It’s easy. Just relax, and let the music flow through you.

(ALFRED hesitantly takes the flute and stands up, putting his mouth to it. After a few practice notes, he begins to play a soft ballad which escalades into a full piece of music. As he plays, the other patrons of the airport walk by and drop money in front of him. As he plays, HECTOR stands, smiles and walks away in silence. When he finally finishes, ALFRED looks around, then looks down at all the money, smiles and picks it up.)

ALFRED
Hector, I don’t know how to--Hector?
(Looks around for him and shrugs.)
Thanks, Homely Hector.
(Flute in one hand and money in the other, smiles at the audience, takes a deep breath and walks offstage. Curtain.)


----------



## Olly Buckle (May 3, 2009)

"At Rise: ALFRED stands at the payphone, speaking his wife while KATHY"

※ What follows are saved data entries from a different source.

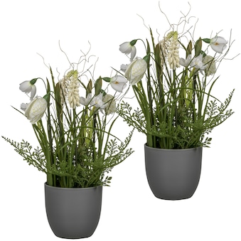 - 3er Set Deko-Gras-Büsche im weißen Topf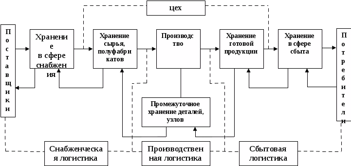 Материальный поток исходит либо из источника сырья, либо из производства, либо из распределительного центра. Поступает либо на производство, либо в распределительный центр, либо конечному потребителю на схеме каждая стрелка символизирует некий материальный или информационный поток. Потоки в сущности являются связями между элементами системы.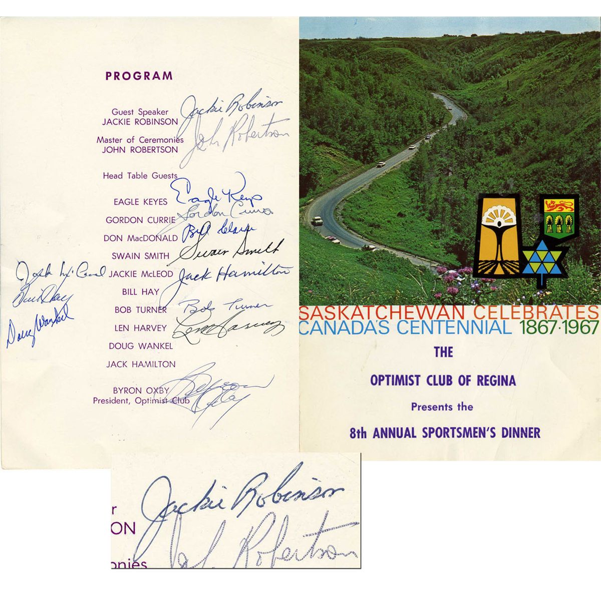 Baseball legend Jackie Robinson signed program from the 1967 Optimist Club's 8th Annual Sportsmen's Dinner during the Saskatchewan celebration of the Canadian Centennial. Signed clearly in blue ink: ''Jackie Robinson''. Other honorees, including John Robertson, NHL player Bill Hays and championship boxer Len Harvey, also sign the program. Four-page 6'' x 9'' program shows minor creasing and separation at fold, else very good. With PSA/DNA COA.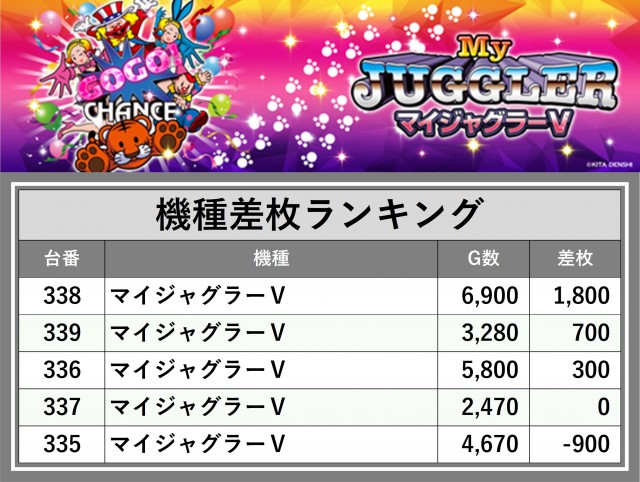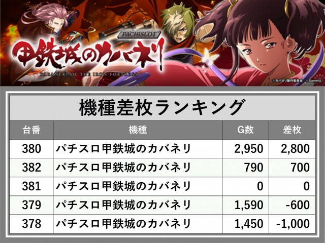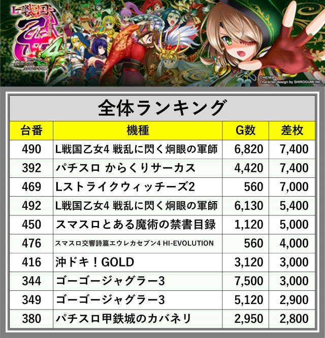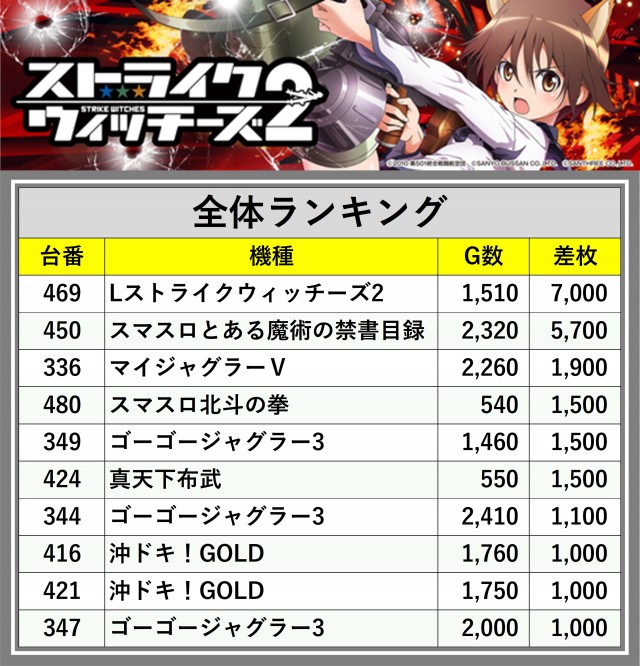※差枚数順に掲載しています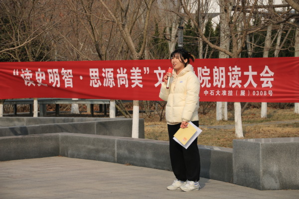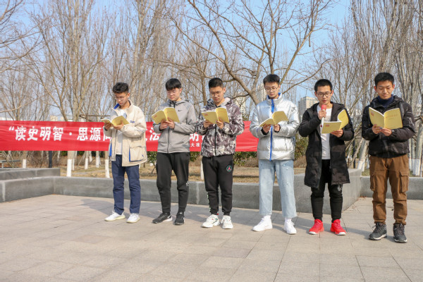 “以青春之我,创建青春之家庭,青春之国家,青春之民族……”为引导广大学生学史明理、学史增信、学史崇德、学史力行,2021年3月7日下午,600全讯白菜官方网站以思美节为契机,面向全校学生,在地球仪广场开展“读史明智·思源尚美”朗读大会。活动由600全讯白菜官方网站团委主办,法学1902团支部、法学研2001团支部承办。

At Rise: ALFRED stands at the payphone, speaking to his wife. KATHY...

Unimportant but the only thing that struck me.

Of course I don't know where you are going, but nobody plays a real flute just like that so Hector must be a bit unworldly. Why not make him really asleep but aware of the real world at the same time if that is the case? Give him a bit more other worldliness and take out the deception angle.


----------



## Monkuta (May 3, 2009)

Mm... Good idea. I like that. Thanks.
I was sort of trying to keep him simple while unworldly, but I'll try it.


----------



## fantasy girl (May 5, 2009)

i liked it, i would love to read more as it realy intreasted me. what happenes in the rest of the script. again it was realy good and i would love to read more


----------



## Monkuta (May 5, 2009)

Honestly, I wrote it as a short play. Anything after this, I meant to leave to the reader's imagination. But I could take a crack at continuing it.


----------



## fantasy girl (May 5, 2009)

i think you should as it has great potential


----------